Lombardo’s statement said Tesla has spent $6.2 billion on its existing 5.4 million square foot (501,676-square-meter) Gigafactory, which the governor said provided 17,000 construction jobs and more than 11,000 “highly paid permanent jobs.”

Tesla projects it will make another $3.6 billion capital investment, creating 3,000 new jobs at an average hourly rate of $33.49 with health insurance for 91% of its employees.

The company plans to add 4 million square feet (371,612 square meters) of production space at two new factories at the Truckee-Reno Industrial Center, about 20 miles (32 kilometers) east of Reno-Sparks along Interstate 80.

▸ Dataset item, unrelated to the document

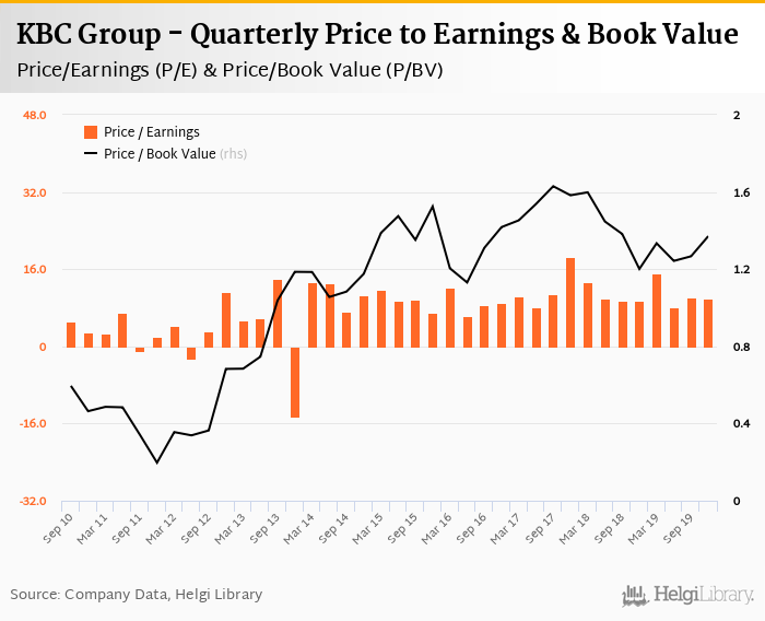 KBC Group stock traded at 67.3 per share at the end fourth quarter of 2019 implying a market capitalization of USD 30,402 mil.

One plant will have capacity to produce batteries for 1.5 million light-duty vehicles a year, the company said. The other will have Tesla’s first production line for electric combination trucks. Musk has said the goal is a battery range of 500 miles (805 kilometers) when pulling an 82,000-pound (37,000-kilogram) load.

Public support for the deal came from the White House and Mitch Landrieu, Biden’s infrastructure chief; from University of Nevada, Reno President Brian Sandoval, a Republican who as Nevada governor approved an initial $1.3 billion Tesla abatement deal in 2014; and a preschool at the factory site that said it will expand its hours to accommodate workers.

Three elected lawmakers in rural Storey County, where the Tesla factory is located, lauded the economic benefit to the region. But they said the county of just 4,100 permanent residents deserves more tax revenue to support infrastructure and services including police, fire and EMS.

Tom Burns, executive director of the Governor’s Office of Economic Development, said in a statement that Tesla’s Gigafactory has propelled the state manufacturing industry and established lithium-ion batteries as the state’s eighth-largest export.

A Nevada-based recycling plant for electric vehicle batteries won a $2 billion green energy loan from the Biden administration in February.

On Wednesday, a federal appeals court refused to block construction of the largest lithium mine in the U.S., which is set to be dug in Northern Nevada, while the court considers claims by conservationists and tribes that the government illegally approved it in a rush to produce raw materials for electric vehicle batteries.